Guess Who's More Popular than Mitt Romney? George W. Bush
This is incredible: According to the most recent Bloomberg national poll, President George W. Bush—the man whose administration left us with two wars, crushing debt, a broken economy, and a tattered reputation—is more popular than Republican nominee Mitt Romney. Bush receives a favorable rating from 46 percent of those surveyed, and an unfavorable rating from 49 percent. By contrast, Romney receives a 43 percent favorable rating, and a 50 percent unfavorable. This makes Bush more popular than Vice President Joe Biden (42–45) and the Republican Party as a whole (41–46).
Two observations: First, if this result is accurate—and given Mitt Romney’s low favorability ratings across polls, there’s no reason to think it isn’t—then it’s partly a reflection of current conditions. The economy is worse now than it was at any point during the Bush administration. Even if Bush bears plenty of responsibility for the economic crisis, voters still look to the past as a better time, because in a narrow sense, it was. Still, this is a remarkable result. In the final month of his presidency, Bush's job approval averaged 30.5 percent and his disapproval averaged 64 percent. His favorability wasn't much better—in a Gallup poll taken before Obama took office, Bush earned 40 percent approval and 59 percent disapproval. Bush left in 2009 as one of the most unpopular men to ever occupy the Oval Office.

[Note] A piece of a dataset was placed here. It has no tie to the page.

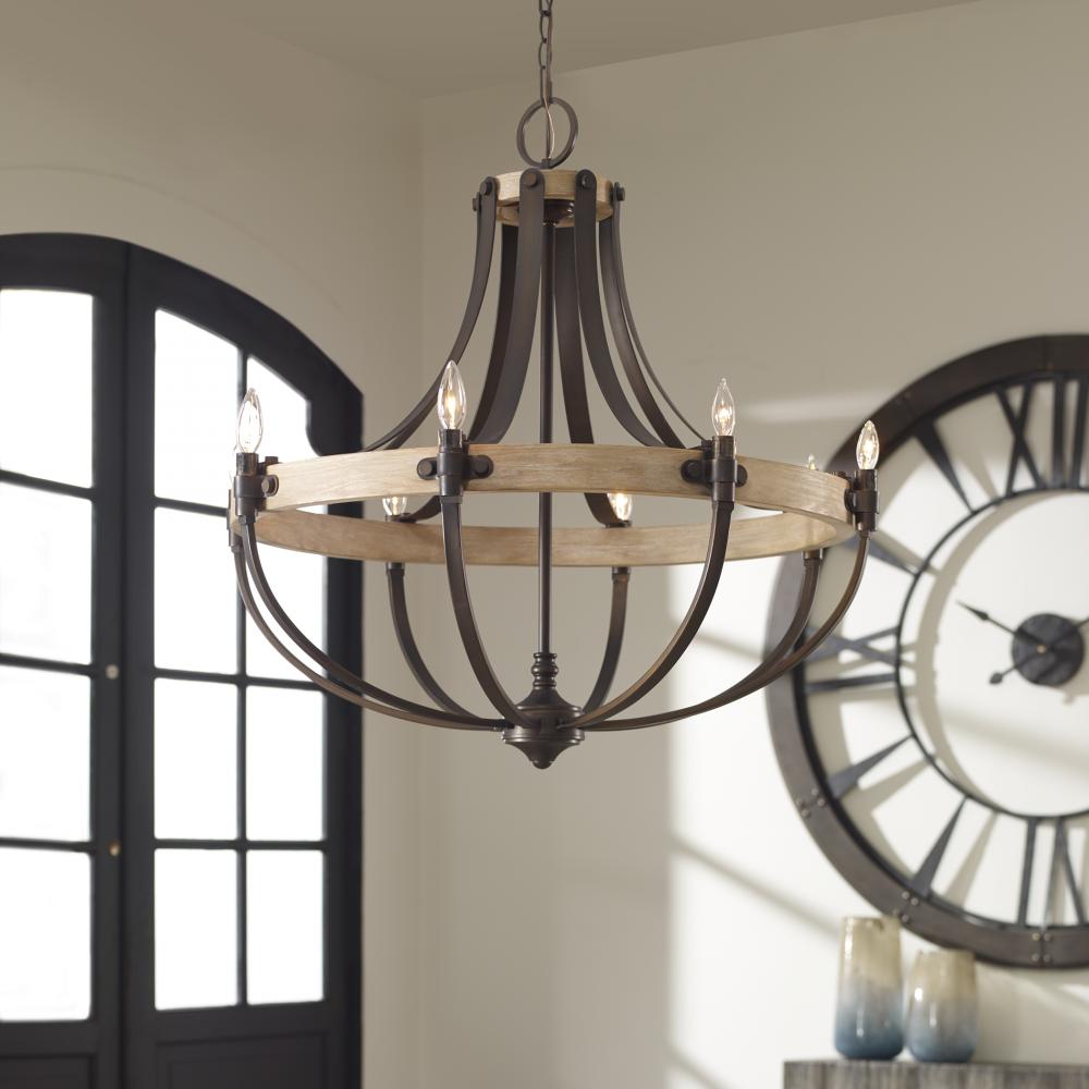 Updated Empire Shaped 8 Lt. Chandelier with A French Influence, Featuring A Ring of Natural Oak A Bronze Metal Frame. 8-60 Watt Max, Candelabra Sockets. Bulbs Not Included. Supplied with 20' Wire and 7' Chain for Adjustable Installation.

Second, I think this speaks to a huge failing of the Democratic Party. Bush is easily the worst president of the post-war era; Jimmy Carter was ineffectual, but over the course of his eight years, Bush did lasting damage our economy and our institutions. It’s not “forward-looking,” but Democrats—including President Obama—should have devoted a fair amount of rhetoric to reminding Americans of what came before. They should have hammered home how Bush, with the backing of the Republican Party, squandered American promise and prestige. In the same way that Carter was synonymous with liberalism for more than a decade, Bush should mean “conservatism” for the majority of Americans. And given the degree to which the GOP refuses to forge a path away from Bush-era policies, it would have been well-deserved.
Bush is rehabilitating his image. That's a sign of how ineffectual Democrats have been in casting the former president as a representative of the Republican Party and its governing philosophy.